On 6/13/2023 1:43 PM, MitchAlsup wrote:
> On Tuesday, June 13, 2023 at 3:52:07 AM UTC-5, BGB wrote:
>> On 6/13/2023 12:44 AM, robf...@gmail.com wrote:
>>> On Monday, June 12, 2023 at 2:09:08 PM UTC-4, BGB wrote:
>>
>> For context, despite the laptop's clock-speed advantage, it was
>> hard-pressed to win with the x87.
>>
>> Granted, this is a fairly uneven comparison (eg: dense SIMD vs generic x87).
>>
>> Also, generated ASM blobs vs "more generic" C.
>>
>> Whole lot of:
>> a0=a0+va[0]*wv[0];
>> a1=a1+va[1]*wv[1];
>> a2=a2+va[2]*wv[2];
>> a3=a3+va[3]*wv[3];
>> ...
> <
> The google NN chip does 1024 multiplies and sum reduces these to a single
> result at 1024 new multiplies start every cycle and 1 new result pops out
> every cycle.
> <
> result = 0;
> for( i = 0; i < 1024; i++ )
> result += a[i]×w[i];

Seems like a problem with NNs is that one either has:
A CPU with some NN features;
Dedicated NN hardware.

The latter still requiring some way to get data into and out of said
hardware. And enough compute resources to make it worthwhile vs using
SIMD or similar.

Likely, having dedicated hardware NN would likely require at least
something like an XC7A100T, or maybe a Zynq (so all the "administrative"
work can be done on an ARM core).

Also, AFAIK, the Google NN chips aren't available in hobbyist grade
dev-boards.

>>
>> Like, doesn't seem like it is asking "that" much?...
>>
> In fact, too little......

There is limits to what I can do on a Spartan-7.
Similarly, limits to what can be done on a 20 year old laptop.
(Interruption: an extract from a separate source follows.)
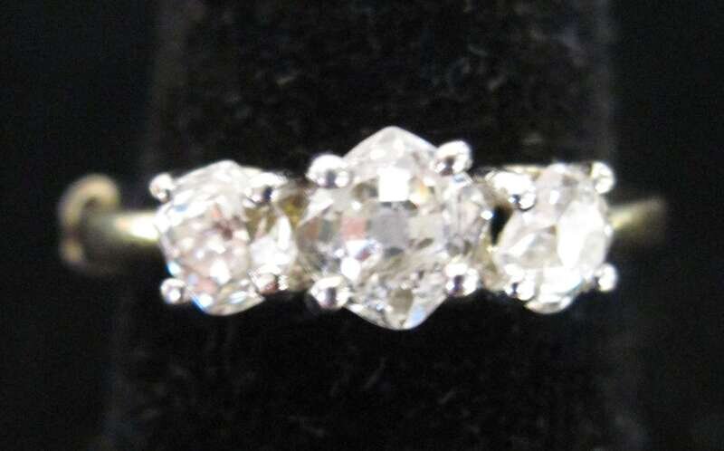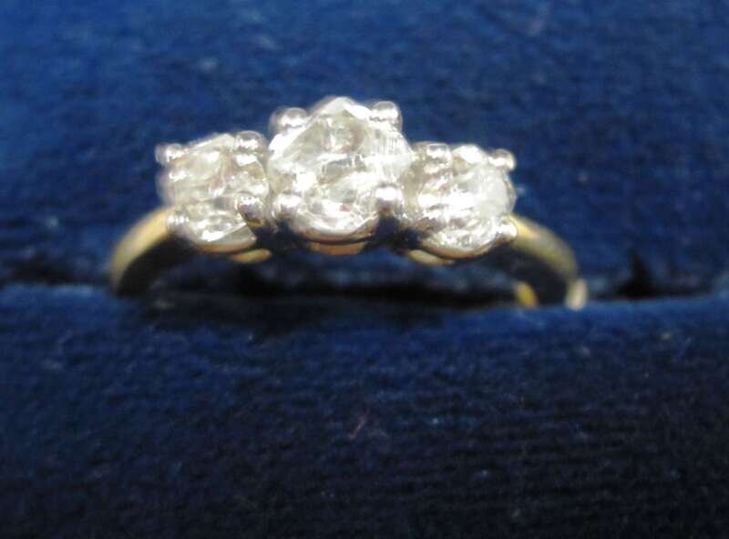 Center round diamond about .25 carat flanked by two .15 carat diamonds.

Could use a newer RasPi variant, but, where is the fun in that?...

Granted, OTOH, RasPi's can have WiFi...

....

Comparably, the FPGA uses the least power, say:
FPGA : ~ 1 W
RasPi : ~ 5 W
Old Laptop: ~ 50 W

Granted, it looks like for the robot base, each motor (when running)
will pull 2W, so running all 4 motors at the same time is likely to pull
~ 8 W (granted, still well within the limits of the NIMH battery pack).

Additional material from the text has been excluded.